- Map of western New York with NY 240 highlighted in red and NY 950M highlighted in blue

Route information
- Maintained by NYSDOT, Cattaraugus County, and Erie County
- Length: 51.64 mi (83.11 km)
- Existed: 1930–present

Major junctions
- South end: NY 242 in Ellicottville
- US 20A in Orchard Park village; US 20 in Orchard Park town; NY 400 in West Seneca; NY 33 in Cheektowaga;
- North end: I-290 / NY 324 in Amherst

Location
- Country: United States
- State: New York
- Counties: Cattaraugus, Erie

Highway system
- New York Highways; Interstate; US; State; Reference; Parkways;
| ← NY 239 |  | → NY 241 |

= New York State Route 240 =

State highway in western New York, US

New York State Route 240 (NY 240) is a 51.64 mi state highway in western New York in the United States. The southern terminus of the route is at an intersection with NY 242 in the Ellicottville community of Ashford Junction in northern Cattaraugus County. Its northern terminus is at a junction with NY 324 and Interstate 290 (I-290) in Amherst in northern Erie County. The route passes through the villages of Springville and Orchard Park, where it meets NY 39 and U.S. Route 20A (US 20A), respectively. Much of NY 240 between Concord and Aurora follows the west branch of Cazenovia Creek. The northern part of NY 240 in Erie County, named Harlem Road, is a major north–south route through the suburbs east of the city of Buffalo.

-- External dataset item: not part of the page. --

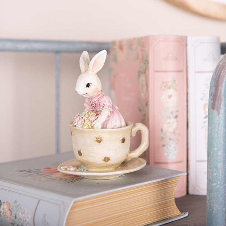 Das Häschen trägt ein rosafarbenes Kleid mit Schleife und Rüschen, hält einen pastelligen Blumenstrauß in den Pfoten und sitzt in einer elegant verzierten cremefarbenen Tasse mit goldenen Akzenten. Die feine Handbemalung und der Vintage-Shabby-Chic-Stil machen jede Figur zu einem kleinen Kunstwerk. Du kannst ihn übrigens wunderbar mit anderen Häschen aus der Serie kombinieren!

From its southern terminus at NY 242 to the hamlet of Glenwood in the town of Colden, NY 240 is a state highway in name only as the roadway is maintained by the highway departments of Cattaraugus and Erie counties. Within Cattaraugus County, NY 242 is co-designated as County Route 32 (CR 32). CR 32 is the only route that has a marked concurrency with a state route in the county. At the county line, it becomes County Route 198 and, later, County Route 30 before becoming state-maintained in Glenwood. A section between CR 198 and CR 30 is also designated as part of CR 27.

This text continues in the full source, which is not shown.